■ Task prompt
Could you retype exactly the lines below between the one holding "With the trains" and the one holding "Лук почистить, порезать", inclusive, leaving out any pictures?

■ Data records

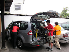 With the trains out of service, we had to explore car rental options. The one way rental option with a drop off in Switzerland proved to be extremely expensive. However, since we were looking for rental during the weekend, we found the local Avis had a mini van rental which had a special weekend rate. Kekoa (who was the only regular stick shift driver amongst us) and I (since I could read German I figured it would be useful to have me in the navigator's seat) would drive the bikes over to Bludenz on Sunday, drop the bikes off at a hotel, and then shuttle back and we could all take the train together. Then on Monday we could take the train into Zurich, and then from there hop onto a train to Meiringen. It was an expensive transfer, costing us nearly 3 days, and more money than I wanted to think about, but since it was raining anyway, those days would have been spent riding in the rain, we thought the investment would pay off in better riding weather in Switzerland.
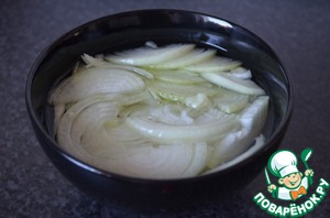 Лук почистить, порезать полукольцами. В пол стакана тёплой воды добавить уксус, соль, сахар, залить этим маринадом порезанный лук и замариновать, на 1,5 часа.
* * *
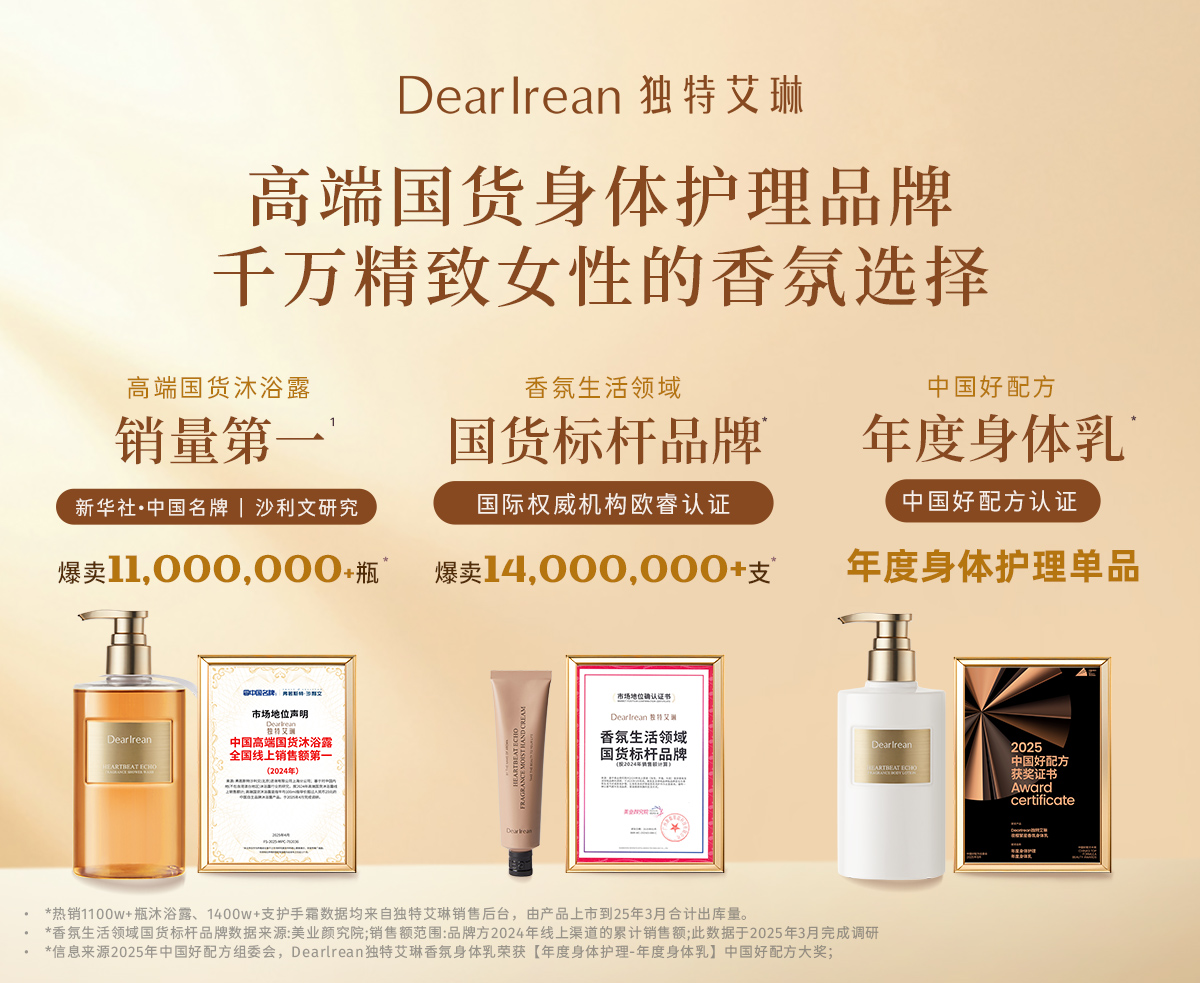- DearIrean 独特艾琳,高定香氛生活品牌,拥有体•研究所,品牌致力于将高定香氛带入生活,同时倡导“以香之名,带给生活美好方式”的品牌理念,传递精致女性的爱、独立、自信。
--
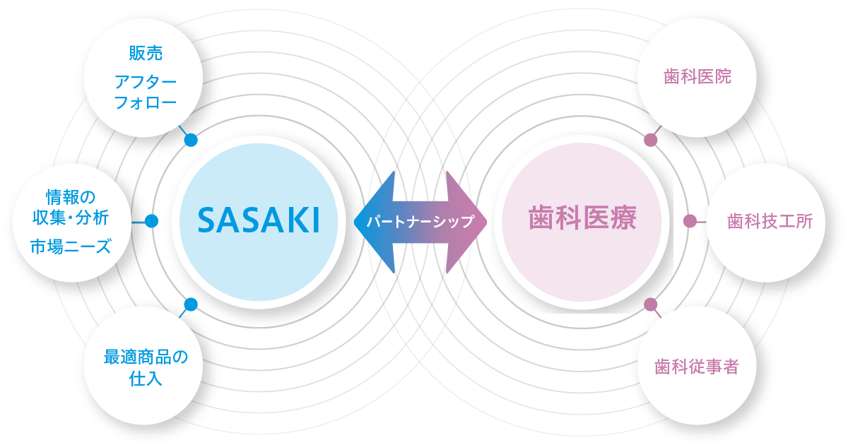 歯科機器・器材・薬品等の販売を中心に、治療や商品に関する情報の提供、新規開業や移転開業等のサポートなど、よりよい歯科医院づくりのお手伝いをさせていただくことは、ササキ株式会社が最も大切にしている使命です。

■ Result
 With the trains out of service, we had to explore car rental options. The one way rental option with a drop off in Switzerland proved to be extremely expensive. However, since we were looking for rental during the weekend, we found the local Avis had a mini van rental which had a special weekend rate. Kekoa (who was the only regular stick shift driver amongst us) and I (since I could read German I figured it would be useful to have me in the navigator's seat) would drive the bikes over to Bludenz on Sunday, drop the bikes off at a hotel, and then shuttle back and we could all take the train together. Then on Monday we could take the train into Zurich, and then from there hop onto a train to Meiringen. It was an expensive transfer, costing us nearly 3 days, and more money than I wanted to think about, but since it was raining anyway, those days would have been spent riding in the rain, we thought the investment would pay off in better riding weather in Switzerland.
 Лук почистить, порезать полукольцами. В пол стакана тёплой воды добавить уксус, соль, сахар, залить этим маринадом порезанный лук и замариновать, на 1,5 часа.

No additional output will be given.